Use the packageVersion() function to check which version of a particular package is in use. For example, if using the same R/4.1.2 module as above we can update the broom package to the version currently used by Bioconductor.

> packageVersion("broom")
[1] '0.7.10'
> BiocManager::install("broom")
packageVersion("broom")
[1] '0.7.12'

Running R in batch mode

As above, R can be used inside interactive sessions by requesting an appropriate session on a compute node using salloc. This method is primarily appropriate for debugging/testing of R scripts and installing packages. Long running computational workloads should be submitted to the batch system using sbatch to run when the requested resources become available.

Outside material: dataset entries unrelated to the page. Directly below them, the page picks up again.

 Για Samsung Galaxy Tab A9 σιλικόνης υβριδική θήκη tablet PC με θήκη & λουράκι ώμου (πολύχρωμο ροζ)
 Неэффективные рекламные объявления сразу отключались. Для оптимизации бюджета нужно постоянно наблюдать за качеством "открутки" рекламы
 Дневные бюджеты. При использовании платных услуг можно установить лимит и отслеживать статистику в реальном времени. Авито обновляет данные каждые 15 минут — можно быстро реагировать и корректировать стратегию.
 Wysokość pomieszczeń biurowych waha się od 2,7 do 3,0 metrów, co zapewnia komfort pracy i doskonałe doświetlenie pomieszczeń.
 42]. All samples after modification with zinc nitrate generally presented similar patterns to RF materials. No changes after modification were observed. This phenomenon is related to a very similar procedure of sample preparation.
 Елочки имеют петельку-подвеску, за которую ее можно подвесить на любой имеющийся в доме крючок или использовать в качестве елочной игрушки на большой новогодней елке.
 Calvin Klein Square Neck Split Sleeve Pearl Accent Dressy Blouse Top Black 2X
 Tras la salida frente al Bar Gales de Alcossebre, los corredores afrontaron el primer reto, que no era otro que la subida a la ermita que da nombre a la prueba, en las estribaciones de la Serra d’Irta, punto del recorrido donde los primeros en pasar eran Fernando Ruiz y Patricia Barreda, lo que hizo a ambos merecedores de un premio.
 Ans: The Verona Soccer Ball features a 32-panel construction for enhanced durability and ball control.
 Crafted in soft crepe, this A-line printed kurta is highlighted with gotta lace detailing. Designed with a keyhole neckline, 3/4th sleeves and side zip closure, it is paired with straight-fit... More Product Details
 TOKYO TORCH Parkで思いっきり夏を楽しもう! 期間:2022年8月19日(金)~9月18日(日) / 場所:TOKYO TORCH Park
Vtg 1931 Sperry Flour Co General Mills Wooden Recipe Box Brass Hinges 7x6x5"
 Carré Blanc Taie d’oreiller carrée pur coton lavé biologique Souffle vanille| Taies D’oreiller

R has excellent support for running scripts in batch mode. An example SLURM job submission script for a single process R calculation is shown below.

Rserial.slurm

#!/bin/bash
#SBATCH --nodes=1
#SBATCH --ntasks-per-node=1
#SBATCH --cpus-per-task=1
#SBATCH --mem-per-cpu=3850
#SBATCH --time=08:00:00
#SBATCH --account=suxxx-somebudget

module purge
module load GCC/11.2.0 OpenMPI/4.1.1 R/4.1.2

srun R CMD BATCH "--args <my_args>" my_script.R

Where <my_args> should be replace with any command line arguments read by the script my_script.R via use of the R function commandArgs(trailingOnly = TRUE). On execution, output normally printed to the console will be written to the file my_script.Rout and any plots generated by the script will be combined into Rplots.pdf.

Using command line arguments to pass input into R scripts can be useful when constructing large parallel jobs which consist of a single R script run for many different inputs, for example using job arrays or creating bash functions which launch R scripts for use with GNU Parallel.

Parallelism in R

Parallelism can be implemented within R scripts to accelerate computation. Two methods are:

  • Single node parallelism using mclapply from the parallel package, or using parallel foreach from the doParallel package. See the Single node jobs for an example job submission script using mclapply and the doParallel documentation for examples using that method.

  • Parallelism which can span multiple nodes by creating a “cluster” object within R that can be used by functions such as parLapply. Within a SLURM environment, the most convenient way to create this is via an MPI cluster type. An example job submission script is given on the MPI jobs page.

Many R calculations will use packages that implement these or similar methods of parallelism within functions, such that parallelism is “hidden” from the end user. Users are encouraged to consult the documentation for the packages they use and seek help from the appropriate support contact in constructing an appropriate job submission script.